Marideth Sisco and Blackberry Winter are playing traditional Ozark Mountains music, featured in the evocative 2010 film, on a tour that stops this week in Hollywood.
What happens when you’re a musician who can qualify for the senior discount at the Denny’s in West Plains, Mo., but your craft is sparking passionate letters from around the globe? You load yourself and your fellow Ozarkian merrymakers in a 15-person van and you tour the country as the Amazing Geriatric Hillbilly Tour.
That’s singer Marideth Sisco’s name for the unlikely criss-cross she and the other members of the band, Blackberry Winter, are making on a North American tour officially known as Winter’s Bone: Music From the Film Performed Live.
“Due to our advanced age,” Sisco, 67, said from outside Vancouver, Canada, where they were due to perform later that night, “we have a different schedule than most. We have two weeks on, and then a week of rest. We get tuckered out easily.”
Before their weeklong siesta, Sisco and five other musicians, with banjo, Dobro guitar and mandolin in tow, will come to the Masonic Hall at Hollywood Forever cemetery Tuesday night to perform traditional Ozark Mountains music as well as original songs from the soundtrack to “Winter’s Bone.”
John Hawkes, one of the grit-eyed stars who also lent the same intensity to HBO’s poetic western series “Deadwood,” will join them for a spell, at least to sing his penned contribution, “Bred and Buttered.”
The 2010 film, based on the 2006 Daniel Woodrell book of the same title, is an austere, sometimes brutal tale of the ravages of poverty and crystal meth in the Ozarks region.
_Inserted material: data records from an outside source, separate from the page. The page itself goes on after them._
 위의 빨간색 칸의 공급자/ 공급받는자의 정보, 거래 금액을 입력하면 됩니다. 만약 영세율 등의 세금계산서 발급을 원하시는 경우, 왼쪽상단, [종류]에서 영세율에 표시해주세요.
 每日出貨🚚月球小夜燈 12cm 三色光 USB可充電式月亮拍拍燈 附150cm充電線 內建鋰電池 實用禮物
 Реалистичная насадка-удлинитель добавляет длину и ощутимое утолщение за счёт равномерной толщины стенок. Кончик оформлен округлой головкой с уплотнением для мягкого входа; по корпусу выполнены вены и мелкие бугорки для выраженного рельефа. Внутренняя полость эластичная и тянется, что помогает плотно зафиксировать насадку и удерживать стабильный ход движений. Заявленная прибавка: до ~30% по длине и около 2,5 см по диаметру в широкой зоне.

Played by Jennifer Lawrence, Ree Dolly, the film’s young heroine, is on a search for her missing father that sends her deep into the pits and hollows of the icy landscape.
Directed by Debra Granik, “Winter’s Bone” nabbed the 2010 Sundance Grand Jury prize and proved to be a breakout vehicle for Lawrence, but she isn’t the only one who attracted wider interest. As the movie’s momentum grew, especially among the European film festival circuit, so did curiosity about the musicians featured in an early scene, one of the few bright lights to penetrate the film’s somber mood.
“This is in sharp contrast to my urban life,” Granik said from her home in Manhattan, “but in this vast, sprawling country of ours, there are regions where there is time and tradition reserved for music. At first, we worried that it might be going too far to include it, but it would be common and normal for musicians to be playing together on any old night of the week — that’s true to the world.”
The sight of Sisco and her pals playing in a ramshackle house on an ordinary evening functions as a notable contrast to the horrific consequences of addiction. “Meth is a part of the culture,” Sisco said, “but it’s not that much a part of it. There’s an attachment to family and the land, and Debra captured that.”